* [Exercise details]
Everything in the records except the pictures must be copied out exactly.

* [Dataset records]

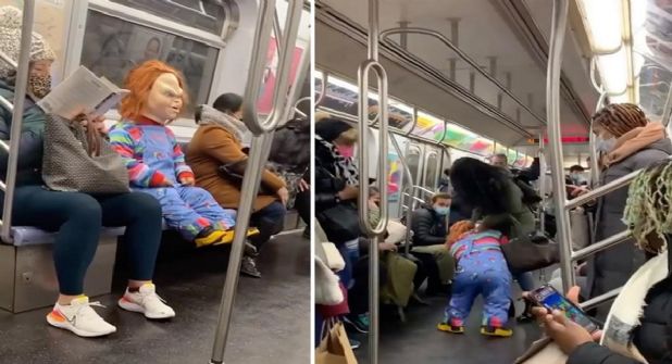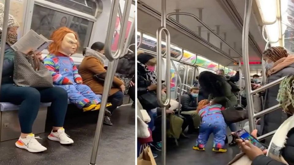 Un enano disfrazado del tenebroso Chucky, El Muñeco decidió salir a dar una lección (y un susto) a las personas que no usan cubrebocas durante la pandemia en lugares públicos como el metro de Nueva York; sorprendiendo presentes con el personaje como parte de un experimento social planeado para grabar la reacción de quienes le rodean.
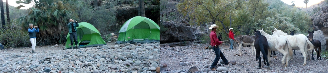 Antes de caer la noche el guía local indica el sitio para acampar; los turistas suelen preparar alimentos y bebidas, y es el momento en que todo el elenco del performance se reúne; los guías rancheros ocupan posiciones centrales al momento que los turistas hacen sus preguntas; se arrecia el deseo de penetrar a sus espacios vividos, sus casas, sus huertos, sus familias, el curtido de pieles, el trabajo de talabartería, la construcción de represas, la elaboración de quesos, la remembranza de su participación en documentales o películas, etcétera. Los guías foráneos, los guías rancheros y los turistas negocian estas visitas.
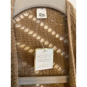 NWT Tan Crochet Open-Front Fringe Kimono Cardigan Shawl
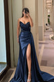 Mermaid Blue Satin Strapless Long Prom Dress With Beads
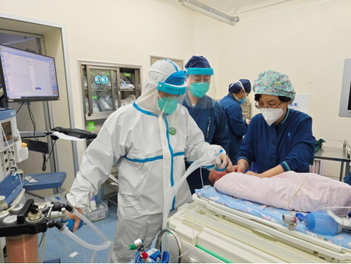 温健副主任连续3天顶着39.5℃的高烧坚守岗位。作为分管临床工作的副主任,他每天除临床沟通调度外,还毅然担负起了各种危急重症的抢救工作。期间,有一名超早产儿因视网膜病变需行手术治疗,由于温健考虑自己已经新冠阳性,麻醉操作时距离小儿非常近,而早产儿又呼吸道保护机制尚未发育完善,为了避免小儿感染新冠,温健副主任穿上了防护服,防止传给小朋友。手术期间在眼科雷剑琴教授团队熟练的操作下,新生儿科周熙会主任团队、温健副主任和邓斌副主任医师共同精准的管理下,密不透风的隔离衣阻隔不了麻醉医生对患者的关爱。同事们都劝生病的他休息一下,他说“正是困难时刻,我要做好作为一名党员干部的带头和引领作用,现在还不能倒下”。
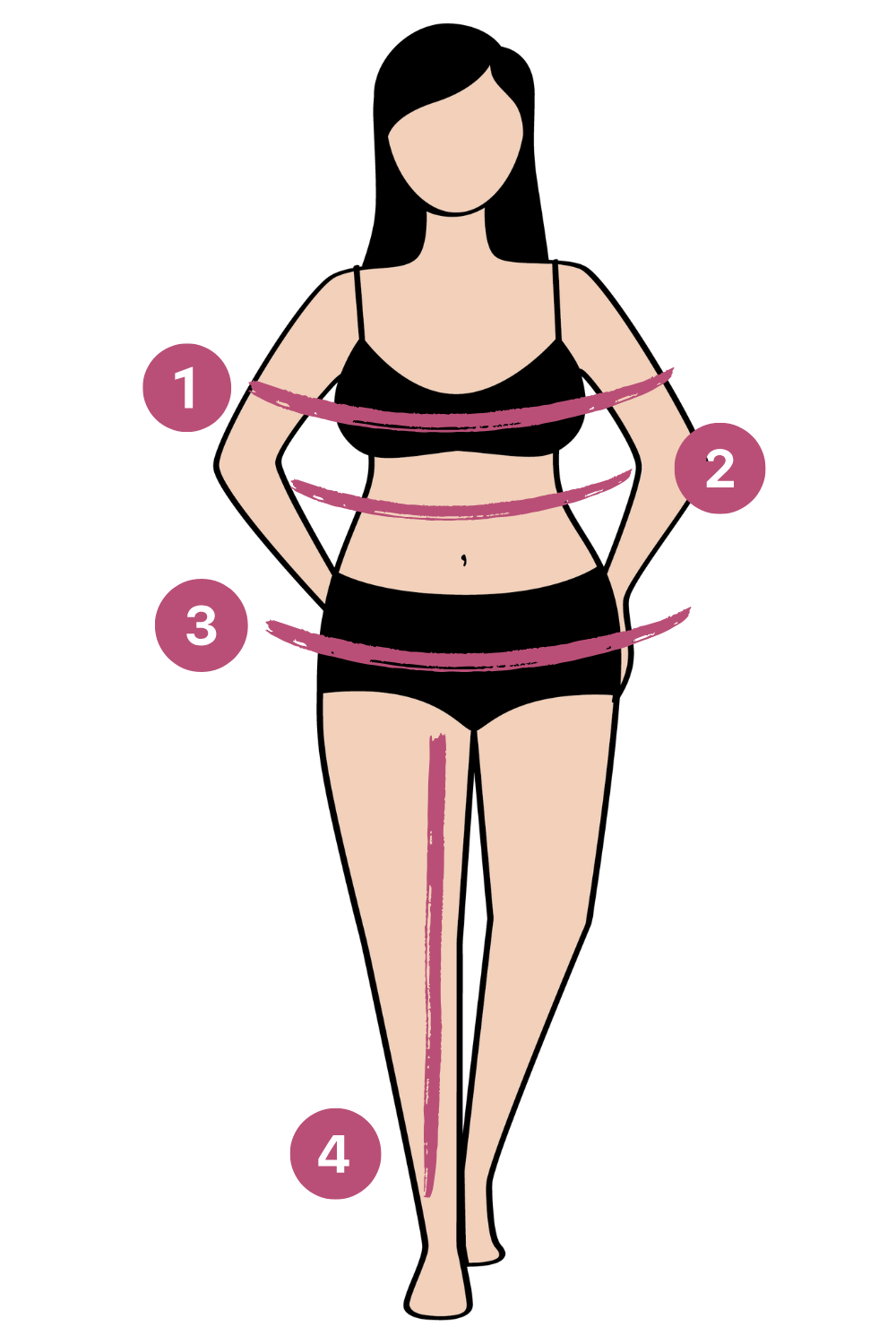 Am besten misst du dich direkt auf der Unterwäsche, um genaue Ergebnisse zu erhalten. Schreibe die Maße auf und vergleiche sie mit unserer Größentabelle – so findest du deine ideale Konfektionsgröße.
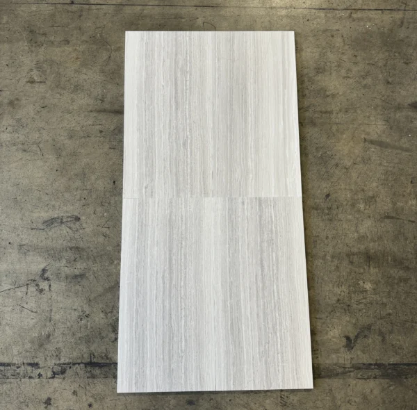 The White Oak Honed 12×24 tile features a smooth honed finish, blending aesthetic appeal with the durability of limestone. Ideal for modern and classic spaces alike.
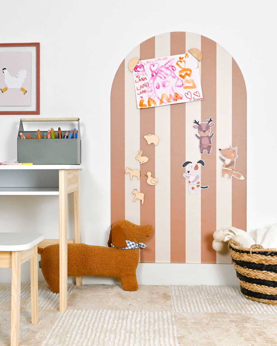 Het bord kan op elke gladde ondergrond worden aangebracht: muren, deuren of meubels. De zwarte basis heeft een herpositioneerbare kleeflaag, zodat je het voorzichtig kunt loshalen en elders opnieuw kunt bevestigen. De gekleurde cover wordt eenvoudig erbovenop geplaatst voor een nette en decoratieve afwerking.
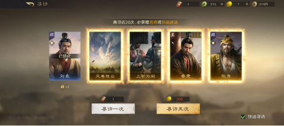 抽卡方面,《三国:谋定天下》的橙卡概率是8%,远高于其他SLG游戏的5 - 6%,而且保底次数是20抽,远低于其他SLG的30 - 40抽保底。游戏不会锁定某个武将或者战法不给玩家获得,解锁武将战法槽和韬略也不需要消耗同名卡,仅消耗免费的铜币资源,大幅减少了玩家的氪金需求。登录游戏前七天,玩家还能免费获得125次抽卡券、2480黄金和多个橙色武将及战法。
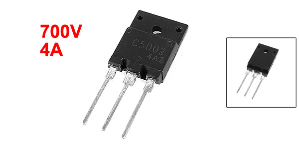 Product Name NPN Transistor Model No. C5002 Mounted Type Through Hole Collector Current 4A Collector Emitter Voltage 700V Mounting Hole Diameter 2.9mm / 0.1" Pin Length 20mm/ 0.79" Total Size 41 x 15 x 5mm /1.61" x 0.59" x 0.2" (L*W*H) Main Material Silicon Main Color Black, Silver Tone Weight 5g Package 1 x NPN Transistor - Reviews
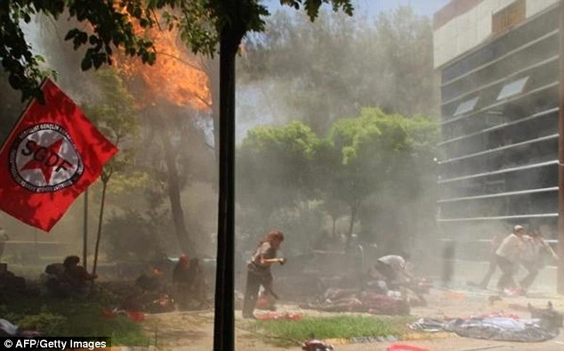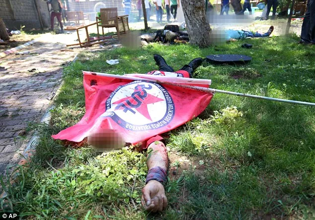 Hình ảnh từ hiện trường cho thấy các thi thể nạn nhân nằm la liệt bên cạnh các gốc cây bên ngoài một trung tâm văn hóa nằm ở thị trấn chủ yếu có người Kurd sinh sống tại phía Đông Nam của đất nước.
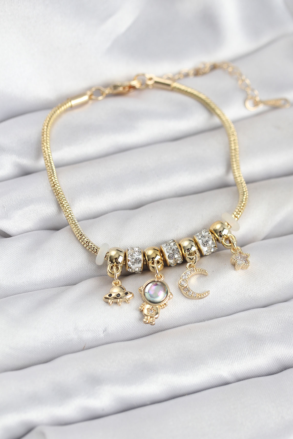 Tegan Pirinç Gold Renk Uzay Tema Charmlı Kadın Bileklik TG27BB8179
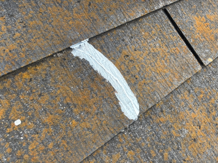 | ⑤細かいひび割れの場所は、コーキングで補修します。ひび割れが大きい場合は、屋根材自体を差し替えなどの補修が必要になります。 | ||||||||||||
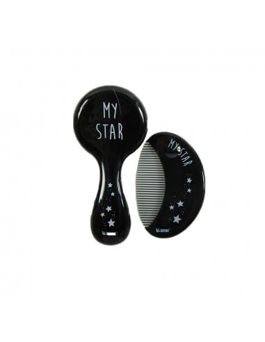 MINENE Zestaw pielęgnacyjny szczotka i grzebień (kolory: czarny, niebieski, różowy, biały) Zestaw pielęgnacyjny Minene, zawierający szczotkę i grzebień, dostępny w różnych kolorach (czarny, niebieski, różowy, biały). Miękka szczotka delikatnie masuje skórę głowy, a grzebień pomaga rozczesywać włoski. Bezpieczny i ergonomiczny design. Idealny dla dzieci od urodzenia.
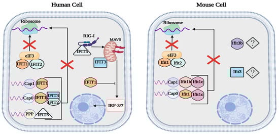 Summary of human and mouse IFIT function. Both human IFIT1/2 and mouse Ifit1/2 reduce viral protein translation by binding to eIF3, thus inhibiting the preinitiation complex. Similar to human IFIT3, mouse Ifit1c enhances the function of other IFIT proteins. IFIT1 is responsible for targeting cap 0/1 RNA in human cells, while mouse cells utilize Ifit1 and Ifit1b to target cap 0 and cap 1 RNA, respectively. IFIT5 binds to phosphorylated RNA and promotes the activity of MAVS. In contrast to IFIT3/5, IFIT1 acts as a negative regulator of the type-I IFN response. The function of mouse Ifit3 and Ifit3b has yet to be fully characterized. This figure was created with BioRender.com (accessed on 20 January 2023).
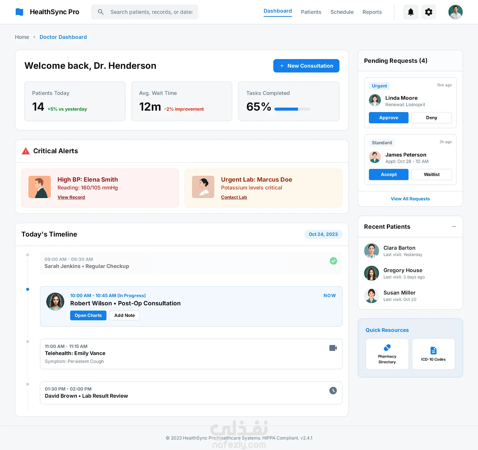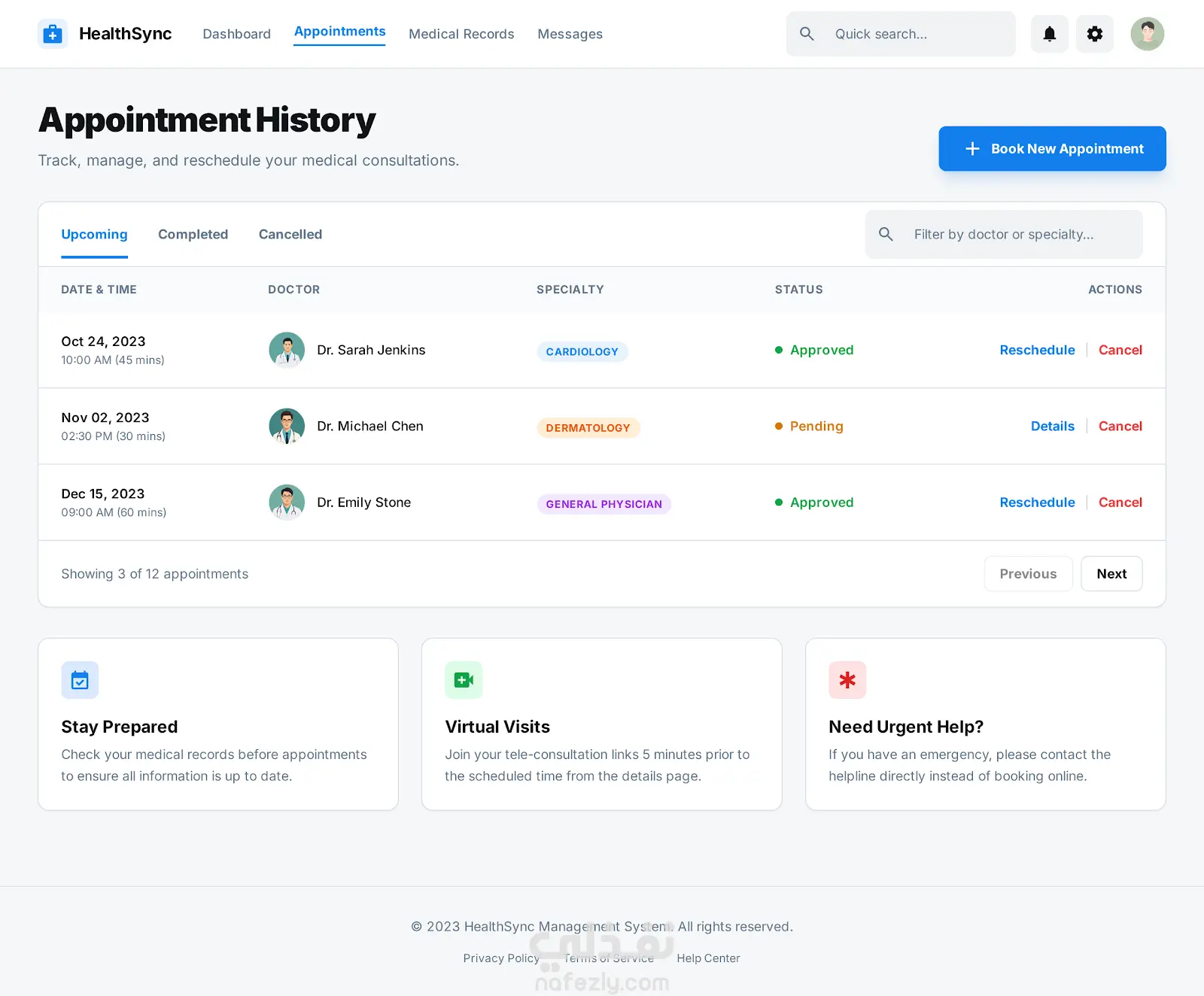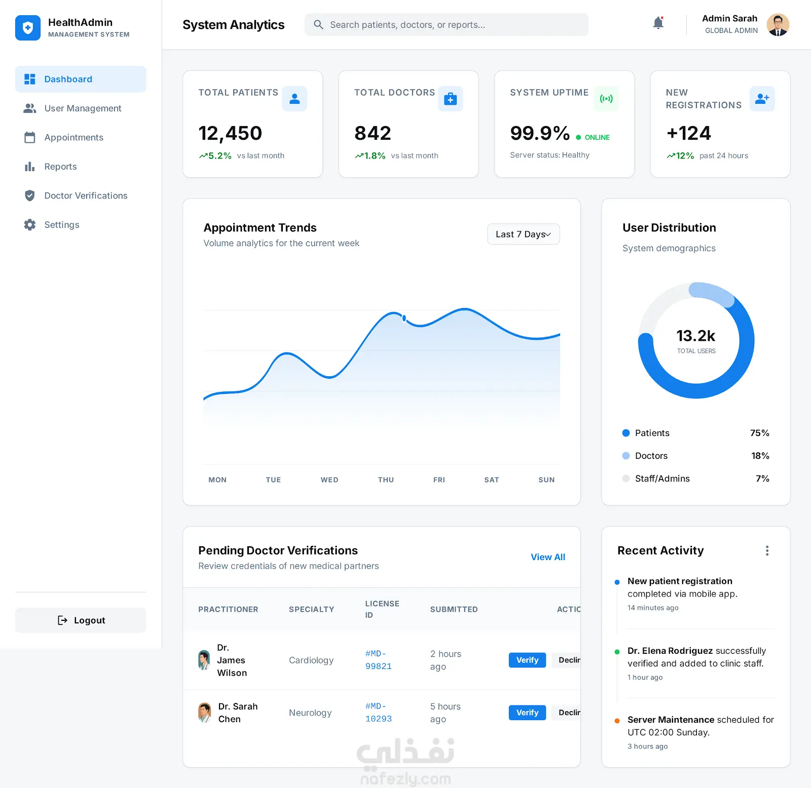 نظام صحي إلكتروني (Online Health System) شامل يهدف إلى إدارة البيانات الطبية والمواعيد بين المرضى والأطباء والإدارة بطريقة سهلة وآمنة. تم التركيز في المشروع على بناء واجهات استخدام احترافية باستخدام HTML وCSS وBootstrap وJavaScript مع مراعاة سهولة الاستخدام، أمان البيانات، وتنظيم العمليات داخل النظام. يتضمّن النظام تسجيل المستخدمين بأدوار مختلفة (مريض – طبيب – مدير)، تسجيل الدخول والخروج، صلاحيات وصول حسب الدور (RBAC)، وحماية كلمات المرور من خلال التحقق من قوة كلمة السر. كما يحتوي النظام على لوحات تحكم مخصّصة لكل دور: لوحة المريض: حجز المواعيد، متابعة حالة الموعد، عرض التاريخ الطبي، وإدارة الملف الشخصي. لوحة الطبيب: إدارة المرضى، قبول أو رفض المواعيد، وإضافة السجلات الطبية مع تتبع التحديثات والنسخ. لوحة المدير (Admin): إدارة المستخدمين (CRUD)، الموافقة على الأطباء، مراقبة سجلات التحديث، عرض التحليلات والإحصائيات، والبحث والفرز والفلاتر. كما يشمل المشروع ميزات متقدمة مثل منع الحجز المزدوج، تتبع سجلات المرضى، تحميل الوصفات الطبية بصيغة PDF، إلغاء وحذف الحساب بعد مدة، تسجيل سجل التحديثات للأدمن، وعرض بيانات تحليلية عن النظام. يقدّم النظام تجربة مثالية من خلال واجهات متجاوبة، سهولة في التنقل، Scroll Animations، وتنظيم دقيق للصفحات بما يخدم كل دور داخل المنظومة الصحية الإلكترونية.

* [Exercise result]
 Un enano disfrazado del tenebroso Chucky, El Muñeco decidió salir a dar una lección (y un susto) a las personas que no usan cubrebocas durante la pandemia en lugares públicos como el metro de Nueva York; sorprendiendo presentes con el personaje como parte de un experimento social planeado para grabar la reacción de quienes le rodean.
 Antes de caer la noche el guía local indica el sitio para acampar; los turistas suelen preparar alimentos y bebidas, y es el momento en que todo el elenco del performance se reúne; los guías rancheros ocupan posiciones centrales al momento que los turistas hacen sus preguntas; se arrecia el deseo de penetrar a sus espacios vividos, sus casas, sus huertos, sus familias, el curtido de pieles, el trabajo de talabartería, la construcción de represas, la elaboración de quesos, la remembranza de su participación en documentales o películas, etcétera. Los guías foráneos, los guías rancheros y los turistas negocian estas visitas.
 NWT Tan Crochet Open-Front Fringe Kimono Cardigan Shawl
 Mermaid Blue Satin Strapless Long Prom Dress With Beads
 温健副主任连续3天顶着39.5℃的高烧坚守岗位。作为分管临床工作的副主任,他每天除临床沟通调度外,还毅然担负起了各种危急重症的抢救工作。期间,有一名超早产儿因视网膜病变需行手术治疗,由于温健考虑自己已经新冠阳性,麻醉操作时距离小儿非常近,而早产儿又呼吸道保护机制尚未发育完善,为了避免小儿感染新冠,温健副主任穿上了防护服,防止传给小朋友。手术期间在眼科雷剑琴教授团队熟练的操作下,新生儿科周熙会主任团队、温健副主任和邓斌副主任医师共同精准的管理下,密不透风的隔离衣阻隔不了麻醉医生对患者的关爱。同事们都劝生病的他休息一下,他说“正是困难时刻,我要做好作为一名党员干部的带头和引领作用,现在还不能倒下”。
 Am besten misst du dich direkt auf der Unterwäsche, um genaue Ergebnisse zu erhalten. Schreibe die Maße auf und vergleiche sie mit unserer Größentabelle – so findest du deine ideale Konfektionsgröße.
 The White Oak Honed 12×24 tile features a smooth honed finish, blending aesthetic appeal with the durability of limestone. Ideal for modern and classic spaces alike.
 Het bord kan op elke gladde ondergrond worden aangebracht: muren, deuren of meubels. De zwarte basis heeft een herpositioneerbare kleeflaag, zodat je het voorzichtig kunt loshalen en elders opnieuw kunt bevestigen. De gekleurde cover wordt eenvoudig erbovenop geplaatst voor een nette en decoratieve afwerking.
 抽卡方面,《三国:谋定天下》的橙卡概率是8%,远高于其他SLG游戏的5 - 6%,而且保底次数是20抽,远低于其他SLG的30 - 40抽保底。游戏不会锁定某个武将或者战法不给玩家获得,解锁武将战法槽和韬略也不需要消耗同名卡,仅消耗免费的铜币资源,大幅减少了玩家的氪金需求。登录游戏前七天,玩家还能免费获得125次抽卡券、2480黄金和多个橙色武将及战法。
 Product Name NPN Transistor Model No. C5002 Mounted Type Through Hole Collector Current 4A Collector Emitter Voltage 700V Mounting Hole Diameter 2.9mm / 0.1" Pin Length 20mm/ 0.79" Total Size 41 x 15 x 5mm /1.61" x 0.59" x 0.2" (L*W*H) Main Material Silicon Main Color Black, Silver Tone Weight 5g Package 1 x NPN Transistor - Reviews
 Hình ảnh từ hiện trường cho thấy các thi thể nạn nhân nằm la liệt bên cạnh các gốc cây bên ngoài một trung tâm văn hóa nằm ở thị trấn chủ yếu có người Kurd sinh sống tại phía Đông Nam của đất nước.
 Tegan Pirinç Gold Renk Uzay Tema Charmlı Kadın Bileklik TG27BB8179
 | ⑤細かいひび割れの場所は、コーキングで補修します。ひび割れが大きい場合は、屋根材自体を差し替えなどの補修が必要になります。 | ||||||||||||
 MINENE Zestaw pielęgnacyjny szczotka i grzebień (kolory: czarny, niebieski, różowy, biały) Zestaw pielęgnacyjny Minene, zawierający szczotkę i grzebień, dostępny w różnych kolorach (czarny, niebieski, różowy, biały). Miękka szczotka delikatnie masuje skórę głowy, a grzebień pomaga rozczesywać włoski. Bezpieczny i ergonomiczny design. Idealny dla dzieci od urodzenia.
 Summary of human and mouse IFIT function. Both human IFIT1/2 and mouse Ifit1/2 reduce viral protein translation by binding to eIF3, thus inhibiting the preinitiation complex. Similar to human IFIT3, mouse Ifit1c enhances the function of other IFIT proteins. IFIT1 is responsible for targeting cap 0/1 RNA in human cells, while mouse cells utilize Ifit1 and Ifit1b to target cap 0 and cap 1 RNA, respectively. IFIT5 binds to phosphorylated RNA and promotes the activity of MAVS. In contrast to IFIT3/5, IFIT1 acts as a negative regulator of the type-I IFN response. The function of mouse Ifit3 and Ifit3b has yet to be fully characterized. This figure was created with BioRender.com (accessed on 20 January 2023).
 نظام صحي إلكتروني (Online Health System) شامل يهدف إلى إدارة البيانات الطبية والمواعيد بين المرضى والأطباء والإدارة بطريقة سهلة وآمنة. تم التركيز في المشروع على بناء واجهات استخدام احترافية باستخدام HTML وCSS وBootstrap وJavaScript مع مراعاة سهولة الاستخدام، أمان البيانات، وتنظيم العمليات داخل النظام. يتضمّن النظام تسجيل المستخدمين بأدوار مختلفة (مريض – طبيب – مدير)، تسجيل الدخول والخروج، صلاحيات وصول حسب الدور (RBAC)، وحماية كلمات المرور من خلال التحقق من قوة كلمة السر. كما يحتوي النظام على لوحات تحكم مخصّصة لكل دور: لوحة المريض: حجز المواعيد، متابعة حالة الموعد، عرض التاريخ الطبي، وإدارة الملف الشخصي. لوحة الطبيب: إدارة المرضى، قبول أو رفض المواعيد، وإضافة السجلات الطبية مع تتبع التحديثات والنسخ. لوحة المدير (Admin): إدارة المستخدمين (CRUD)، الموافقة على الأطباء، مراقبة سجلات التحديث، عرض التحليلات والإحصائيات، والبحث والفرز والفلاتر. كما يشمل المشروع ميزات متقدمة مثل منع الحجز المزدوج، تتبع سجلات المرضى، تحميل الوصفات الطبية بصيغة PDF، إلغاء وحذف الحساب بعد مدة، تسجيل سجل التحديثات للأدمن، وعرض بيانات تحليلية عن النظام. يقدّم النظام تجربة مثالية من خلال واجهات متجاوبة، سهولة في التنقل، Scroll Animations، وتنظيم دقيق للصفحات بما يخدم كل دور داخل المنظومة الصحية الإلكترونية.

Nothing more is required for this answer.